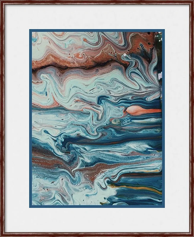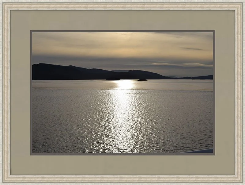 Neutral colors drawn from the artwork itself (rather than your walls) allow the art to shine while still harmonizing with your décor. By choosing a mat just a shade darker than the light on the water, we keep the focus where it belongs — on the tranquil scene. The frame continues the soft, neutral vibe, creating a calm, inviting feel that draws you into the view.
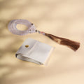 Our tasbih has withstood the test of time, being one of the initial elements that we worked on to create the perfect and complete experience for the Ramadan essentials. Our tasbihs are made of agate beads that carry their own subtle markings, formed over time by nature, chosen for their depth and uniformity. With a premeditated weight, it grounds the hand with each count. At its center, a custom-cut metal charm bears our emblem precisely laser-carved into solid sheet metal, giving the piece a quiet signature. The pouch it rests in is made of soft suede, chosen not just to protect, but to complete the experience.Â
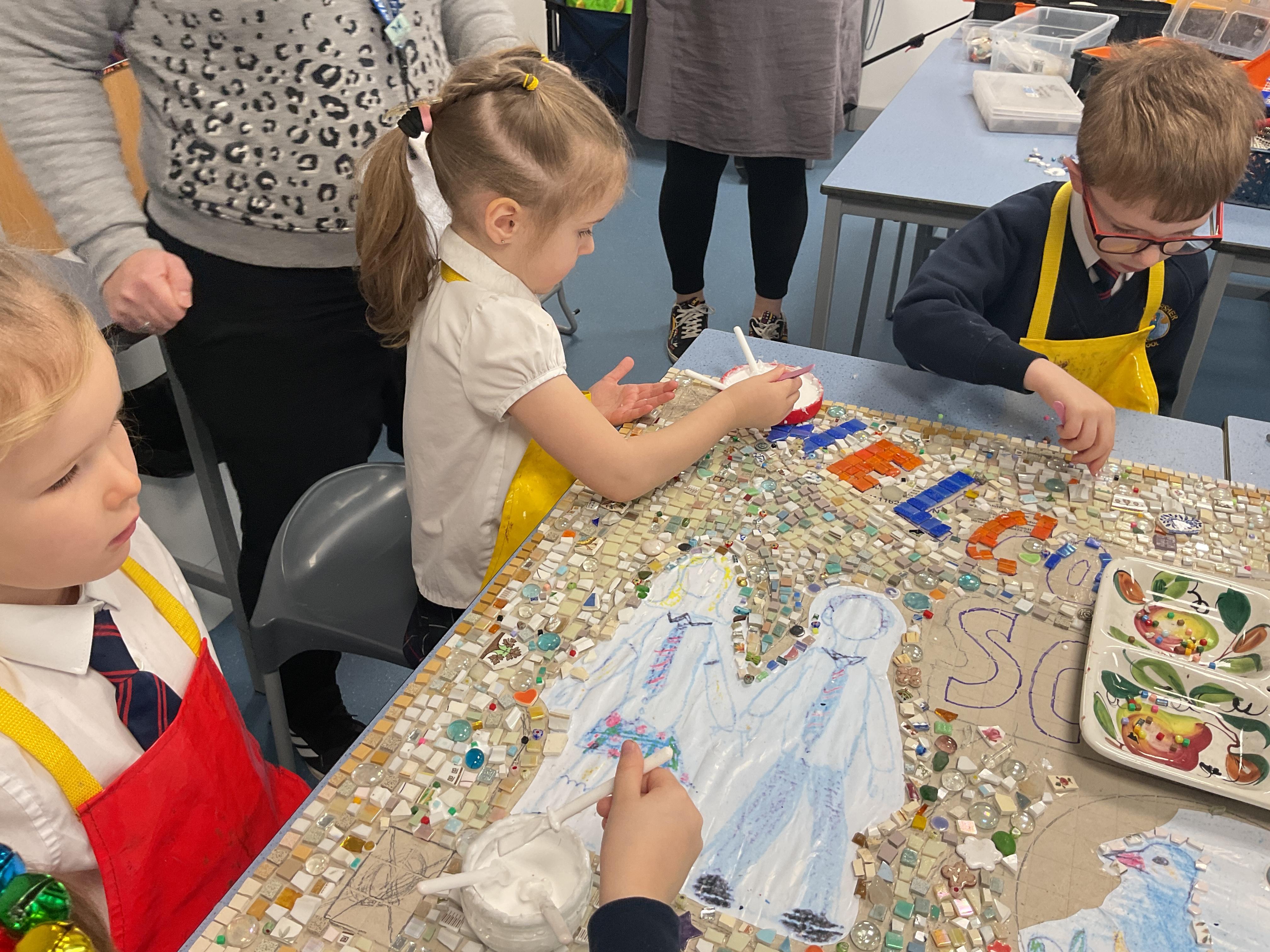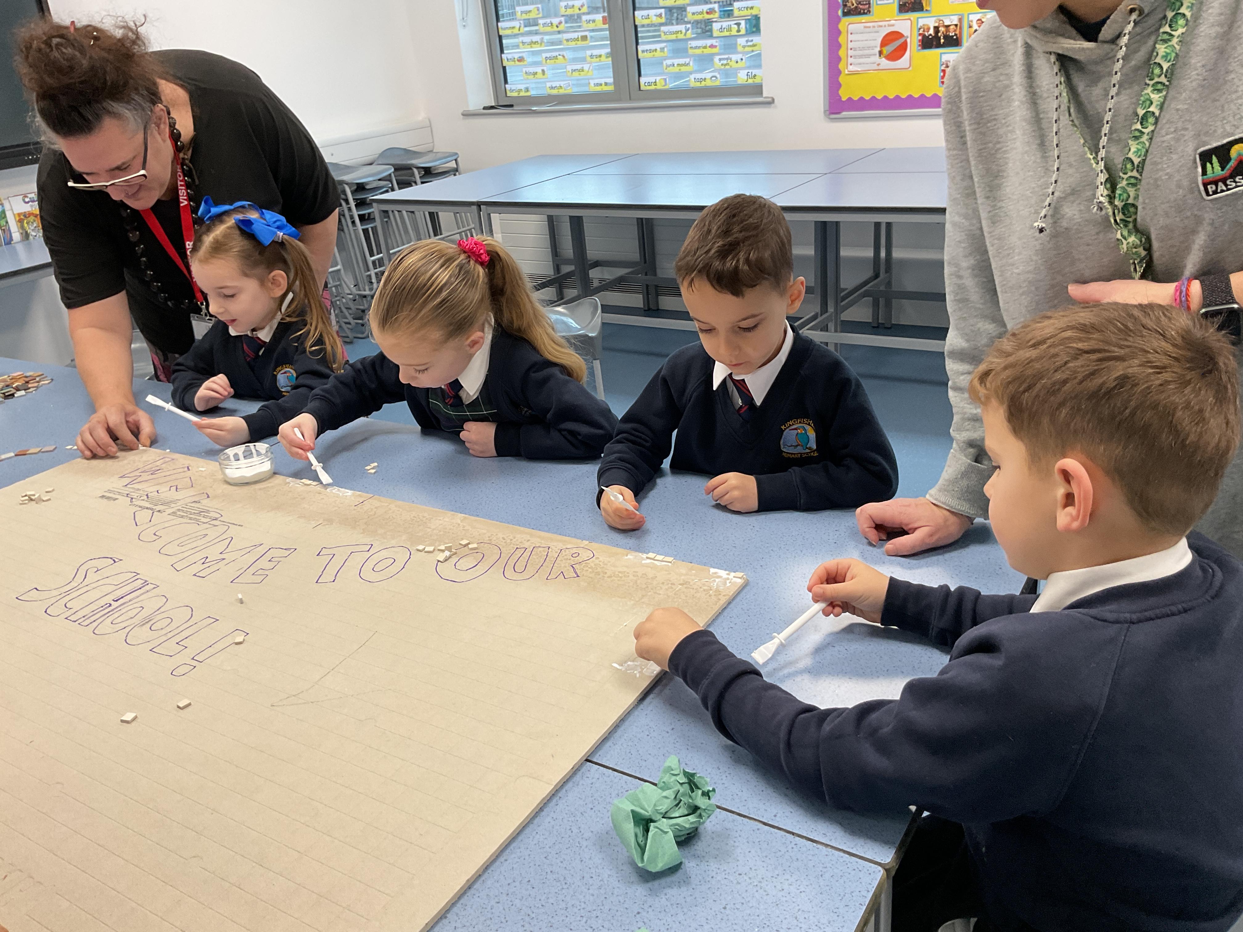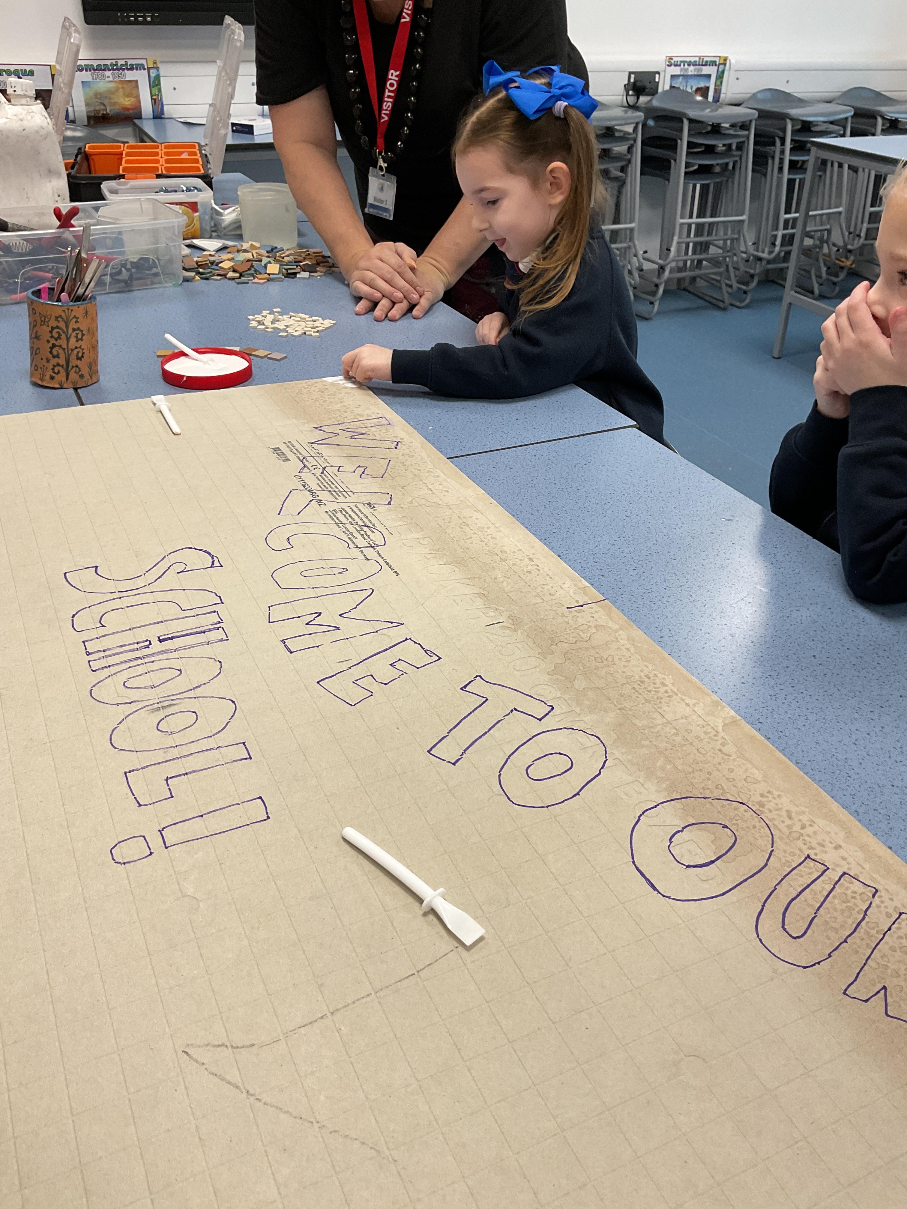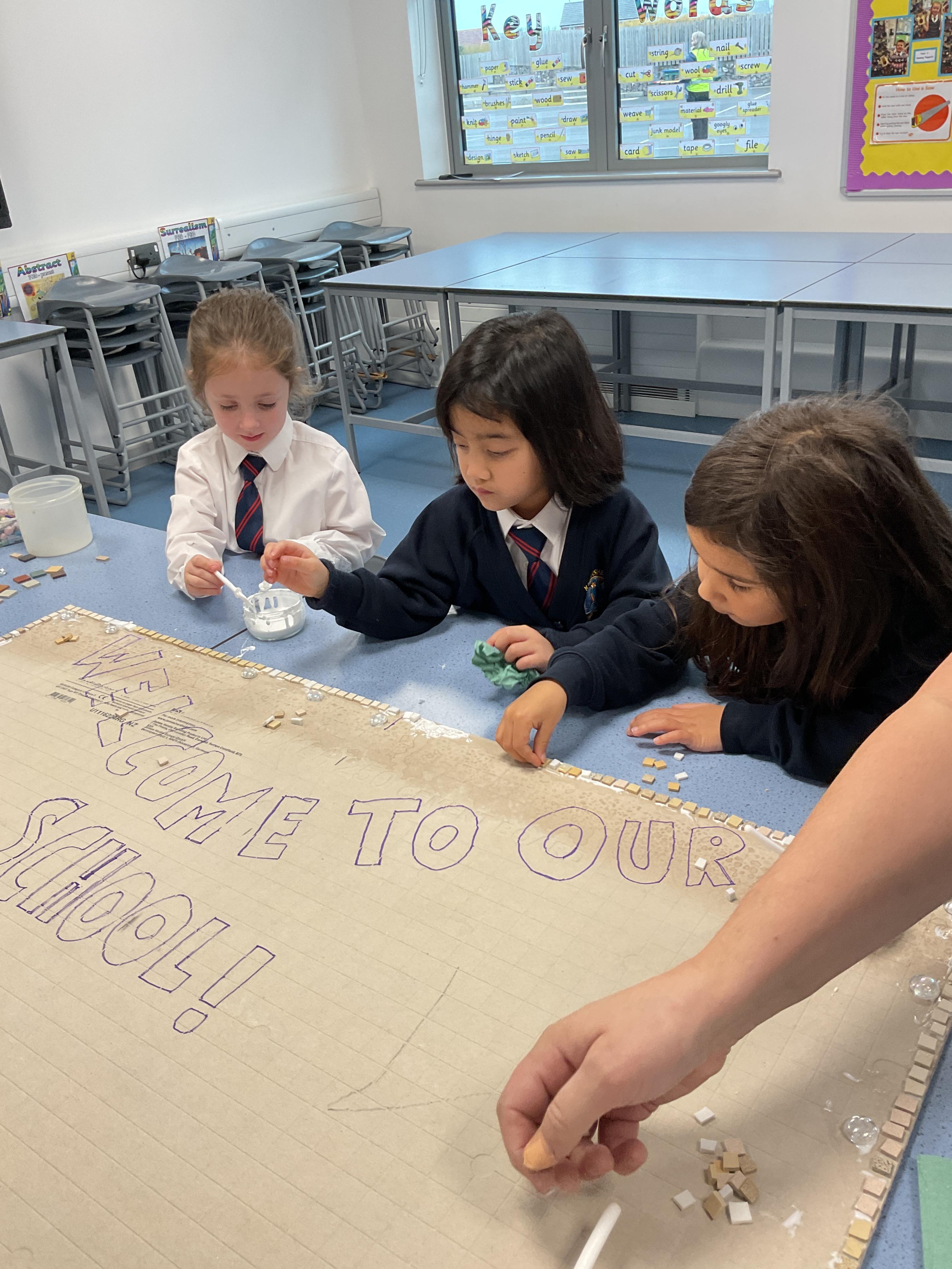 The children really enjoyed having the opportunity to take part in the mosaic workshop. Every child placed some pieces of mosaic into the schools new welcome sign.
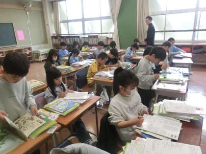 3年生では教科書を子どもたちに配布していました。新しい教科書を手にして、子どもたちは嬉しそうです。地図帳を開いている人がたくさんいました。「ここ行ったことある!」そんなことをつぶやいている人もいました。
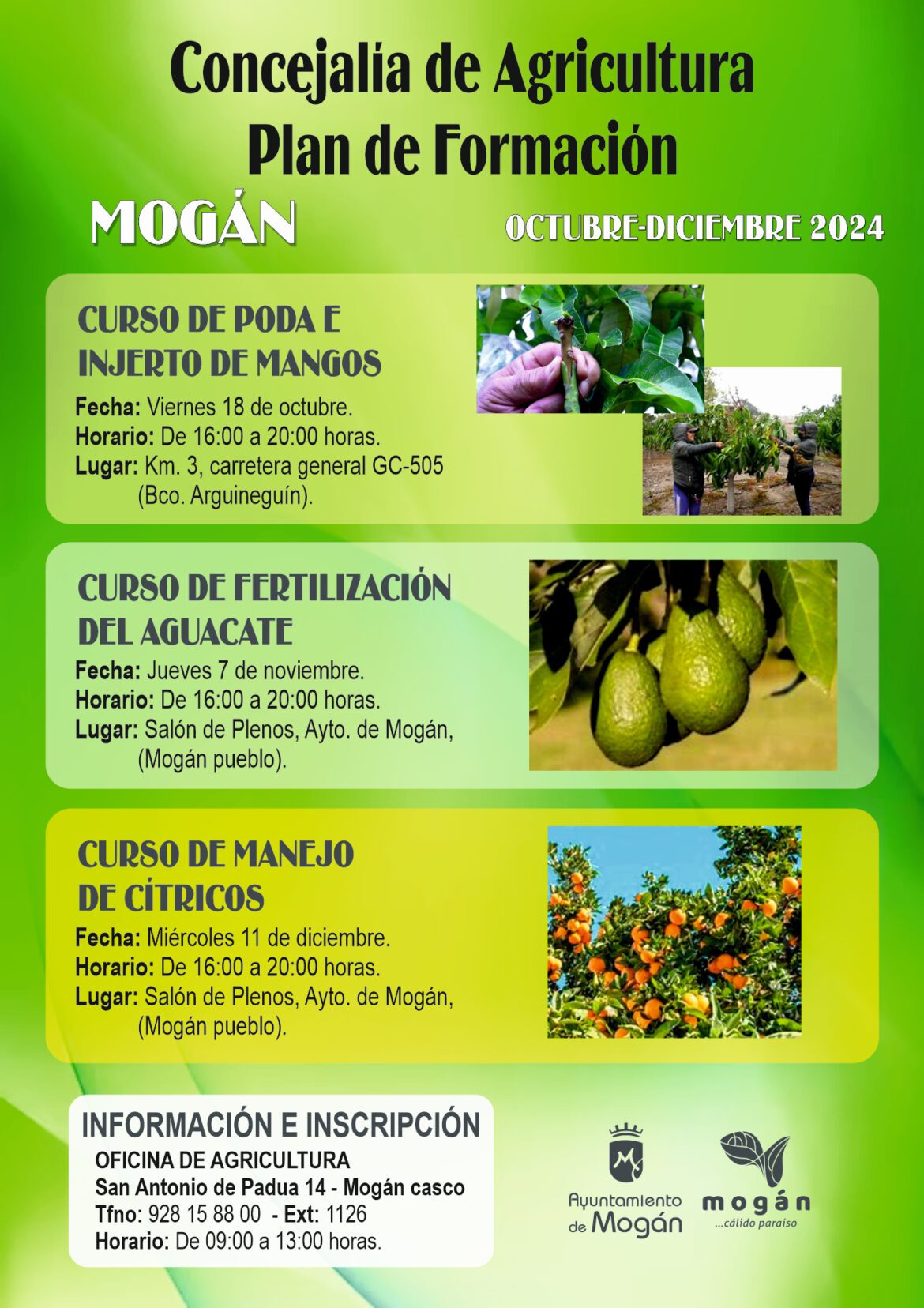 La Concejalía de Agricultura del Ayuntamiento de Mogán pone a disposición los cursos de poda e injerto de mangos, de fertilización del aguacate y de manejo de cítricos. Son gratuitos y requieren inscripción previa.

### INSTRUCTIONS FOR THE TASK
Please set down each line of the listing above word for word, skipping any pictures.

### SOLUTION
 Neutral colors drawn from the artwork itself (rather than your walls) allow the art to shine while still harmonizing with your décor. By choosing a mat just a shade darker than the light on the water, we keep the focus where it belongs — on the tranquil scene. The frame continues the soft, neutral vibe, creating a calm, inviting feel that draws you into the view.
 Our tasbih has withstood the test of time, being one of the initial elements that we worked on to create the perfect and complete experience for the Ramadan essentials. Our tasbihs are made of agate beads that carry their own subtle markings, formed over time by nature, chosen for their depth and uniformity. With a premeditated weight, it grounds the hand with each count. At its center, a custom-cut metal charm bears our emblem precisely laser-carved into solid sheet metal, giving the piece a quiet signature. The pouch it rests in is made of soft suede, chosen not just to protect, but to complete the experience.Â
 The children really enjoyed having the opportunity to take part in the mosaic workshop. Every child placed some pieces of mosaic into the schools new welcome sign.
 3年生では教科書を子どもたちに配布していました。新しい教科書を手にして、子どもたちは嬉しそうです。地図帳を開いている人がたくさんいました。「ここ行ったことある!」そんなことをつぶやいている人もいました。
 La Concejalía de Agricultura del Ayuntamiento de Mogán pone a disposición los cursos de poda e injerto de mangos, de fertilización del aguacate y de manejo de cítricos. Son gratuitos y requieren inscripción previa.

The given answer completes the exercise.